• [What to work on]
Each line in the material below, starting at the one that contains "1. korak – Cvetni" and ending at the one that contains "首先一句话概括:我想把这几个", should be repeated exactly; the pictures should not.

• [Extracted material]

*** Begin section ***

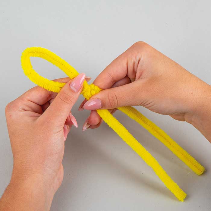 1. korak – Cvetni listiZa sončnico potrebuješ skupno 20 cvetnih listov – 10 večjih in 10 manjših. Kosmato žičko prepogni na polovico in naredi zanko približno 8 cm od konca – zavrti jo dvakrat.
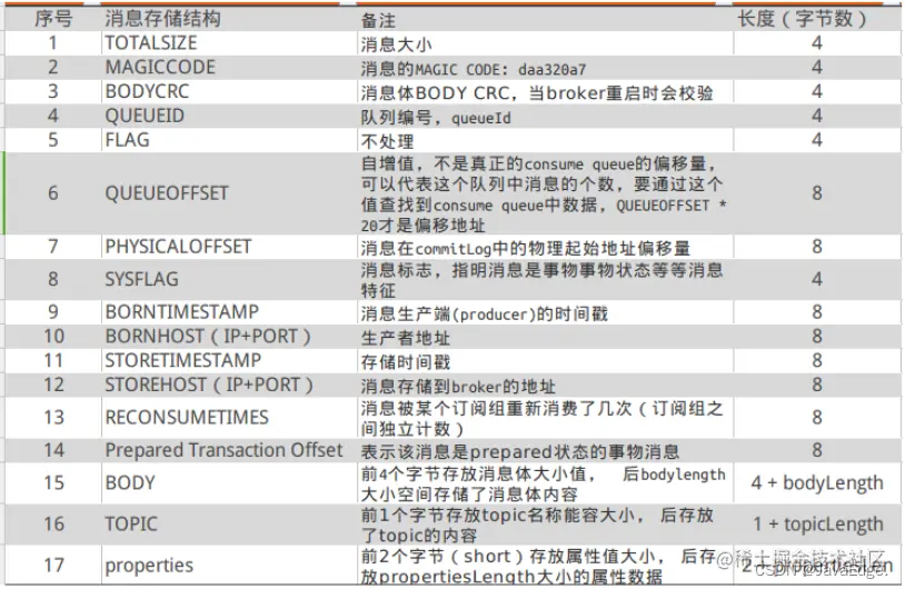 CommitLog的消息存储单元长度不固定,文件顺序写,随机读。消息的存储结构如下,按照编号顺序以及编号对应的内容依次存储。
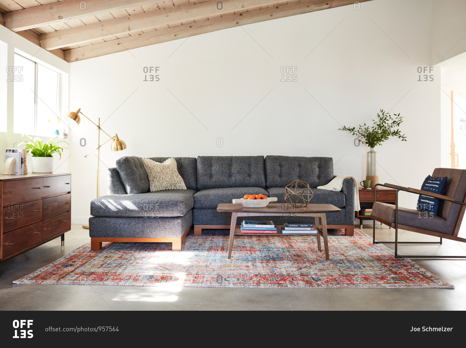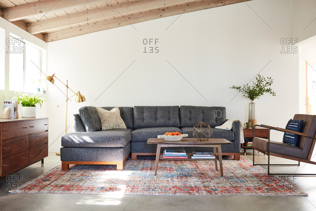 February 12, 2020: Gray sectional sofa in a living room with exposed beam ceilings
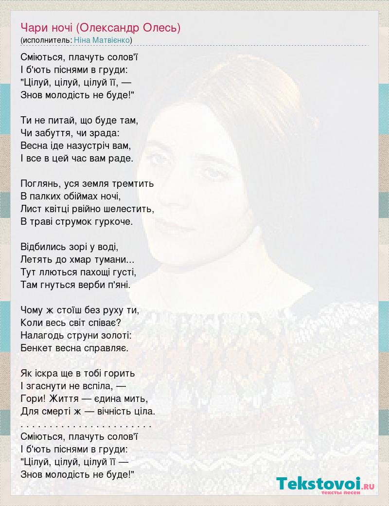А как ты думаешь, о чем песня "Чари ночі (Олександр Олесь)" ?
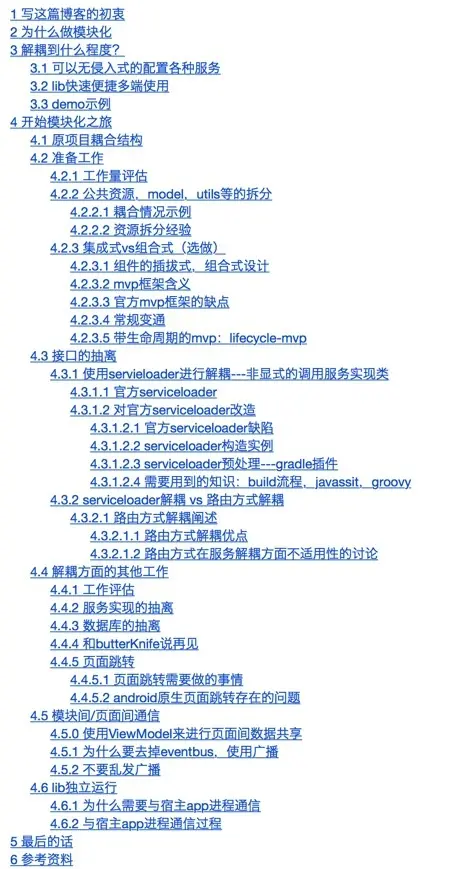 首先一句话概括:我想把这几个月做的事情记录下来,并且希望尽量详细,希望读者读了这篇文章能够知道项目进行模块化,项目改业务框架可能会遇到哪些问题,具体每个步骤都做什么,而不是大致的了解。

*** End section ***
*** Begin section ***

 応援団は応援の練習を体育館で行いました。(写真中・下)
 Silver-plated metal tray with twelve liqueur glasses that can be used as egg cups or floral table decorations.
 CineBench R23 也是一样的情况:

*** End section ***

• [Response area]
 1. korak – Cvetni listiZa sončnico potrebuješ skupno 20 cvetnih listov – 10 večjih in 10 manjših. Kosmato žičko prepogni na polovico in naredi zanko približno 8 cm od konca – zavrti jo dvakrat.
 CommitLog的消息存储单元长度不固定,文件顺序写,随机读。消息的存储结构如下,按照编号顺序以及编号对应的内容依次存储。
 February 12, 2020: Gray sectional sofa in a living room with exposed beam ceilings
А как ты думаешь, о чем песня "Чари ночі (Олександр Олесь)" ?
 首先一句话概括:我想把这几个月做的事情记录下来,并且希望尽量详细,希望读者读了这篇文章能够知道项目进行模块化,项目改业务框架可能会遇到哪些问题,具体每个步骤都做什么,而不是大致的了解。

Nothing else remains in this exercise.